◆ ACTION ITEM:
Pictures do not belong in your copy. Repeat all the other data exactly.

◆ SOURCE MATERIAL:

.....

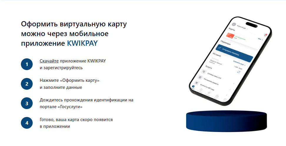 Поскольку карта виртуальная, не нужно ехать в офис или дожидаться курьера, чтобы ее забрать. Достаточно лишь оформить ее в мобильном приложении, а также пройти идентификацию на Госуслугах.
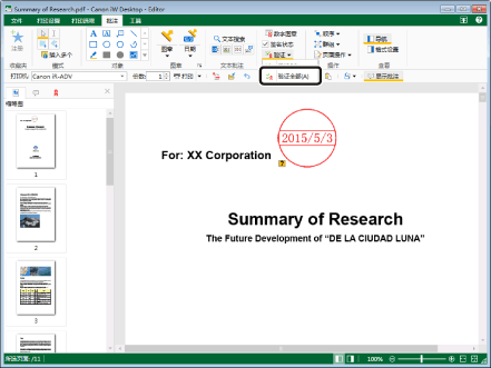 当添加数字图章之后已执行编辑(如添加批注)时(已编辑)
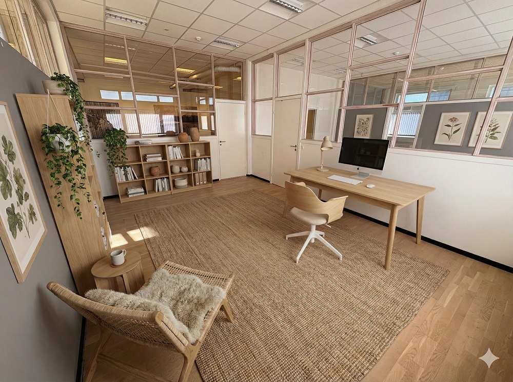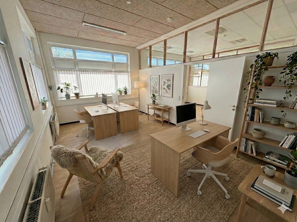 Lejemålet på de 72 m² er indrettet med trægulve og lyse vægge og. Kontoret ligger i vores kontorfællesskab “VÆKSTVÆRKET” på 2. sal lige ved siden af tilgængelig elevator. Fællesområdet er indrettet med indbydende storrum til fælles afbenyttelse, mødelokale, toiletter samt stort fælles køkken. Kontorfællesskabet deles i dag med tre andre virksomheder.
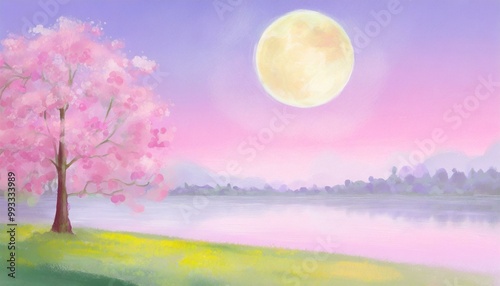 春をイメージした満月の背景イラスト

.....

◆ RESPONSE:
 Поскольку карта виртуальная, не нужно ехать в офис или дожидаться курьера, чтобы ее забрать. Достаточно лишь оформить ее в мобильном приложении, а также пройти идентификацию на Госуслугах.
 当添加数字图章之后已执行编辑(如添加批注)时(已编辑)
 Lejemålet på de 72 m² er indrettet med trægulve og lyse vægge og. Kontoret ligger i vores kontorfællesskab “VÆKSTVÆRKET” på 2. sal lige ved siden af tilgængelig elevator. Fællesområdet er indrettet med indbydende storrum til fælles afbenyttelse, mødelokale, toiletter samt stort fælles køkken. Kontorfællesskabet deles i dag med tre andre virksomheder.
 春をイメージした満月の背景イラスト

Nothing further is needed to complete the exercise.